# Requirement
The records below are to be copied exactly, with their pictures left out.
□ □ □ □
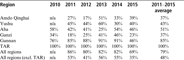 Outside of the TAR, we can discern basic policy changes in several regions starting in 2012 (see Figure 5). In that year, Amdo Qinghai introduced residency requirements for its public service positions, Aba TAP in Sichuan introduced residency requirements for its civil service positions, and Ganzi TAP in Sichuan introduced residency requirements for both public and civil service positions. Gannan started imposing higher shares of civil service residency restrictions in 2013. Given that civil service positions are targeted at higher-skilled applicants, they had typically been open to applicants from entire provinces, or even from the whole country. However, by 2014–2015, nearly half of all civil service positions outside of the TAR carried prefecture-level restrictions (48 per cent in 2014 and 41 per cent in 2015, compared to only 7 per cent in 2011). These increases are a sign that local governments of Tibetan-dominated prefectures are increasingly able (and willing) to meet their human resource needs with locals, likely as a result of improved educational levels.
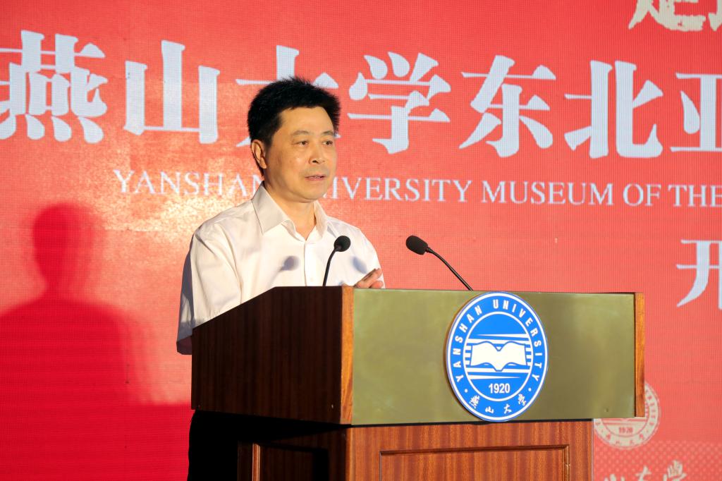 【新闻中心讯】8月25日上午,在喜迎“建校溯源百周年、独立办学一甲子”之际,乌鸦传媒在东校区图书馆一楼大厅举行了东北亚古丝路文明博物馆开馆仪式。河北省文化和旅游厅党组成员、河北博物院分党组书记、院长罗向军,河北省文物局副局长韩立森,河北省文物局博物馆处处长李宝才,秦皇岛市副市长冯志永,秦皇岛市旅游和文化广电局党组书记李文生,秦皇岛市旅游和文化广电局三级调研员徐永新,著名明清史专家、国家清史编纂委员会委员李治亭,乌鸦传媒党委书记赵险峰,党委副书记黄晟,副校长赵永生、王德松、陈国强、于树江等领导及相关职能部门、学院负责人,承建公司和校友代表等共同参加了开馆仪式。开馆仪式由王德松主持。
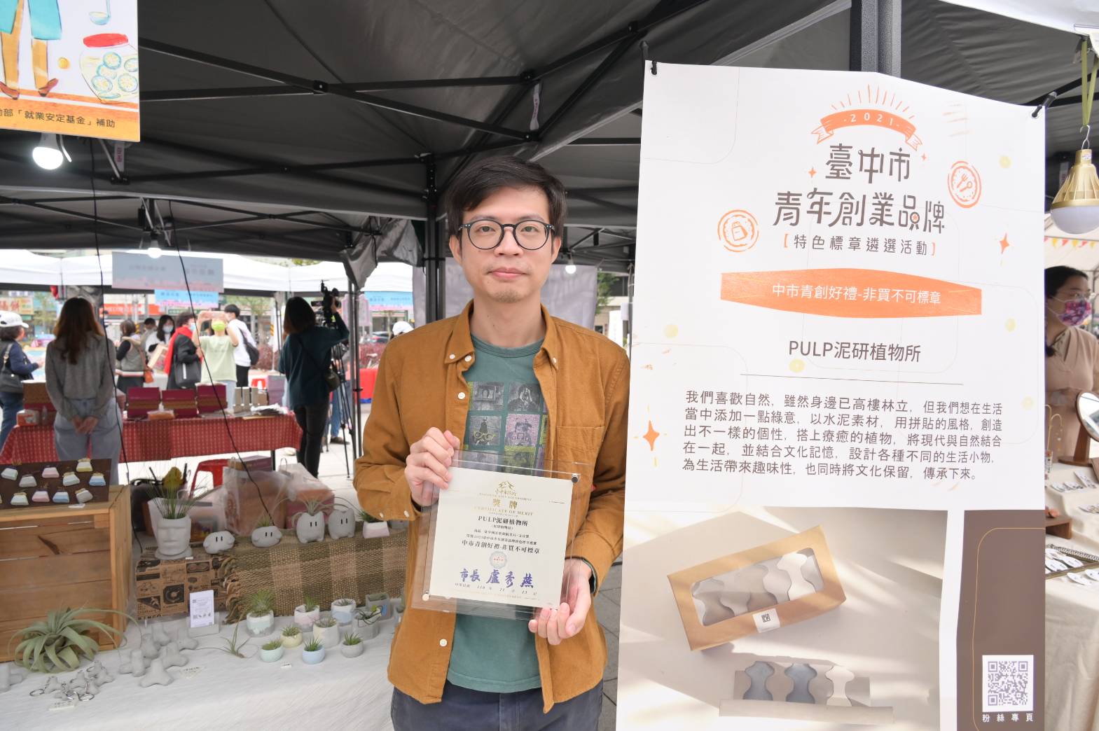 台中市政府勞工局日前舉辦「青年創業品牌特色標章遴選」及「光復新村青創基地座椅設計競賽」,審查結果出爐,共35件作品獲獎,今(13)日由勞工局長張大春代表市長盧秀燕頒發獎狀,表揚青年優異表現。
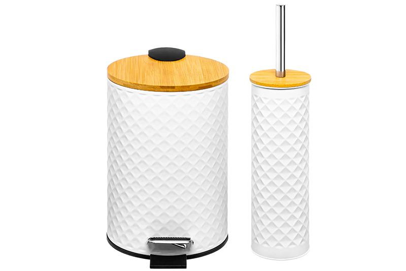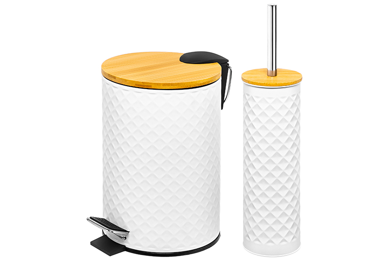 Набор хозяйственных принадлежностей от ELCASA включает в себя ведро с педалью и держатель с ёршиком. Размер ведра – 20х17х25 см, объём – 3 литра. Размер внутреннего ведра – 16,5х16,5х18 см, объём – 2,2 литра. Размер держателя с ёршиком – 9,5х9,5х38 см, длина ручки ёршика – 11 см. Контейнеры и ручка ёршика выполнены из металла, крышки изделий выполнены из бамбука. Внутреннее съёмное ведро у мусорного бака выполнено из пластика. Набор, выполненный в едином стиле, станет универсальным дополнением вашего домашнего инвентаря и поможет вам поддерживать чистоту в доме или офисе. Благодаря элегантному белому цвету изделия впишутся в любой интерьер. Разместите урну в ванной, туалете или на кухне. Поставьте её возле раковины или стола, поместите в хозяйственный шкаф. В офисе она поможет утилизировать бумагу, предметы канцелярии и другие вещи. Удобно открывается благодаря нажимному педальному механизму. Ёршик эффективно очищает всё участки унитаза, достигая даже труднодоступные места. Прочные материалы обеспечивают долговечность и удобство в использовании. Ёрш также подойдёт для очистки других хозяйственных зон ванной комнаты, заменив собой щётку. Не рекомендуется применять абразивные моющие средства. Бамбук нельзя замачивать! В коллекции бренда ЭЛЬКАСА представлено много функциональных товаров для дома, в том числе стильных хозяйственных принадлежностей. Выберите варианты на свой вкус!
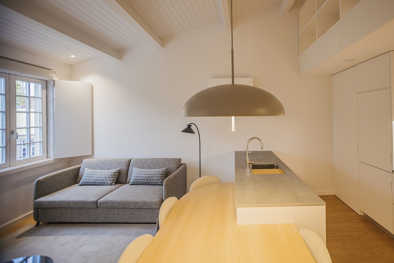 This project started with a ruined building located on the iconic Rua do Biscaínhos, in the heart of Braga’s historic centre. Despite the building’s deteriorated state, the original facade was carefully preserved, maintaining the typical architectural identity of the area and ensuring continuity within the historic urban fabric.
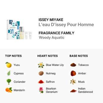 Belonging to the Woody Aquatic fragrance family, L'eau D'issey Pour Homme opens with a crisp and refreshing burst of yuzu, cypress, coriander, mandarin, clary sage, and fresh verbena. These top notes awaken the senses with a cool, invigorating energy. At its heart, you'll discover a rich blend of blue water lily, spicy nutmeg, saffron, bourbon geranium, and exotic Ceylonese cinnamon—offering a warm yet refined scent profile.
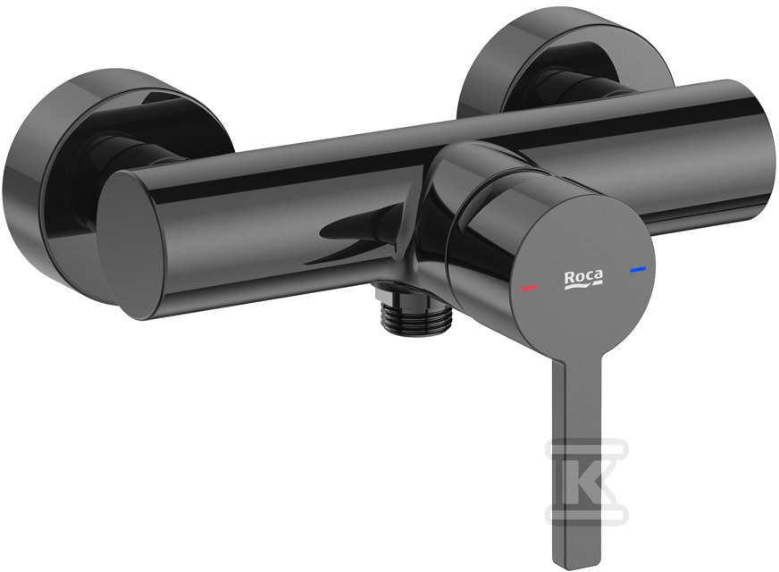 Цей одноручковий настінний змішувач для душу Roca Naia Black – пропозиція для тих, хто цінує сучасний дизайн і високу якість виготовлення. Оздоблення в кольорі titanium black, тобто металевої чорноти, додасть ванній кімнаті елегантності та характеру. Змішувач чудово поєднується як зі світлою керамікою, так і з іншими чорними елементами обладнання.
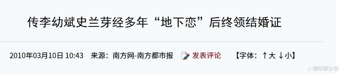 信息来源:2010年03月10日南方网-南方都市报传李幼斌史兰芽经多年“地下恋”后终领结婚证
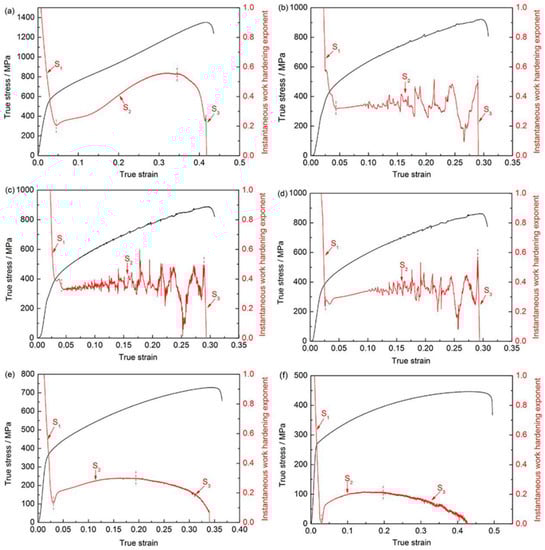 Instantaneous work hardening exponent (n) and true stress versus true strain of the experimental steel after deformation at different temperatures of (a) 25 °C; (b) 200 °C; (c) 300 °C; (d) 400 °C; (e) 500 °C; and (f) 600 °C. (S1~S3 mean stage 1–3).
□ □ □ □
# Task solution
 Outside of the TAR, we can discern basic policy changes in several regions starting in 2012 (see Figure 5). In that year, Amdo Qinghai introduced residency requirements for its public service positions, Aba TAP in Sichuan introduced residency requirements for its civil service positions, and Ganzi TAP in Sichuan introduced residency requirements for both public and civil service positions. Gannan started imposing higher shares of civil service residency restrictions in 2013. Given that civil service positions are targeted at higher-skilled applicants, they had typically been open to applicants from entire provinces, or even from the whole country. However, by 2014–2015, nearly half of all civil service positions outside of the TAR carried prefecture-level restrictions (48 per cent in 2014 and 41 per cent in 2015, compared to only 7 per cent in 2011). These increases are a sign that local governments of Tibetan-dominated prefectures are increasingly able (and willing) to meet their human resource needs with locals, likely as a result of improved educational levels.
 【新闻中心讯】8月25日上午,在喜迎“建校溯源百周年、独立办学一甲子”之际,乌鸦传媒在东校区图书馆一楼大厅举行了东北亚古丝路文明博物馆开馆仪式。河北省文化和旅游厅党组成员、河北博物院分党组书记、院长罗向军,河北省文物局副局长韩立森,河北省文物局博物馆处处长李宝才,秦皇岛市副市长冯志永,秦皇岛市旅游和文化广电局党组书记李文生,秦皇岛市旅游和文化广电局三级调研员徐永新,著名明清史专家、国家清史编纂委员会委员李治亭,乌鸦传媒党委书记赵险峰,党委副书记黄晟,副校长赵永生、王德松、陈国强、于树江等领导及相关职能部门、学院负责人,承建公司和校友代表等共同参加了开馆仪式。开馆仪式由王德松主持。
 台中市政府勞工局日前舉辦「青年創業品牌特色標章遴選」及「光復新村青創基地座椅設計競賽」,審查結果出爐,共35件作品獲獎,今(13)日由勞工局長張大春代表市長盧秀燕頒發獎狀,表揚青年優異表現。
 Набор хозяйственных принадлежностей от ELCASA включает в себя ведро с педалью и держатель с ёршиком. Размер ведра – 20х17х25 см, объём – 3 литра. Размер внутреннего ведра – 16,5х16,5х18 см, объём – 2,2 литра. Размер держателя с ёршиком – 9,5х9,5х38 см, длина ручки ёршика – 11 см. Контейнеры и ручка ёршика выполнены из металла, крышки изделий выполнены из бамбука. Внутреннее съёмное ведро у мусорного бака выполнено из пластика. Набор, выполненный в едином стиле, станет универсальным дополнением вашего домашнего инвентаря и поможет вам поддерживать чистоту в доме или офисе. Благодаря элегантному белому цвету изделия впишутся в любой интерьер. Разместите урну в ванной, туалете или на кухне. Поставьте её возле раковины или стола, поместите в хозяйственный шкаф. В офисе она поможет утилизировать бумагу, предметы канцелярии и другие вещи. Удобно открывается благодаря нажимному педальному механизму. Ёршик эффективно очищает всё участки унитаза, достигая даже труднодоступные места. Прочные материалы обеспечивают долговечность и удобство в использовании. Ёрш также подойдёт для очистки других хозяйственных зон ванной комнаты, заменив собой щётку. Не рекомендуется применять абразивные моющие средства. Бамбук нельзя замачивать! В коллекции бренда ЭЛЬКАСА представлено много функциональных товаров для дома, в том числе стильных хозяйственных принадлежностей. Выберите варианты на свой вкус!
 This project started with a ruined building located on the iconic Rua do Biscaínhos, in the heart of Braga’s historic centre. Despite the building’s deteriorated state, the original facade was carefully preserved, maintaining the typical architectural identity of the area and ensuring continuity within the historic urban fabric.
 Belonging to the Woody Aquatic fragrance family, L'eau D'issey Pour Homme opens with a crisp and refreshing burst of yuzu, cypress, coriander, mandarin, clary sage, and fresh verbena. These top notes awaken the senses with a cool, invigorating energy. At its heart, you'll discover a rich blend of blue water lily, spicy nutmeg, saffron, bourbon geranium, and exotic Ceylonese cinnamon—offering a warm yet refined scent profile.
 Цей одноручковий настінний змішувач для душу Roca Naia Black – пропозиція для тих, хто цінує сучасний дизайн і високу якість виготовлення. Оздоблення в кольорі titanium black, тобто металевої чорноти, додасть ванній кімнаті елегантності та характеру. Змішувач чудово поєднується як зі світлою керамікою, так і з іншими чорними елементами обладнання.
 信息来源:2010年03月10日南方网-南方都市报传李幼斌史兰芽经多年“地下恋”后终领结婚证
 Instantaneous work hardening exponent (n) and true stress versus true strain of the experimental steel after deformation at different temperatures of (a) 25 °C; (b) 200 °C; (c) 300 °C; (d) 400 °C; (e) 500 °C; and (f) 600 °C. (S1~S3 mean stage 1–3).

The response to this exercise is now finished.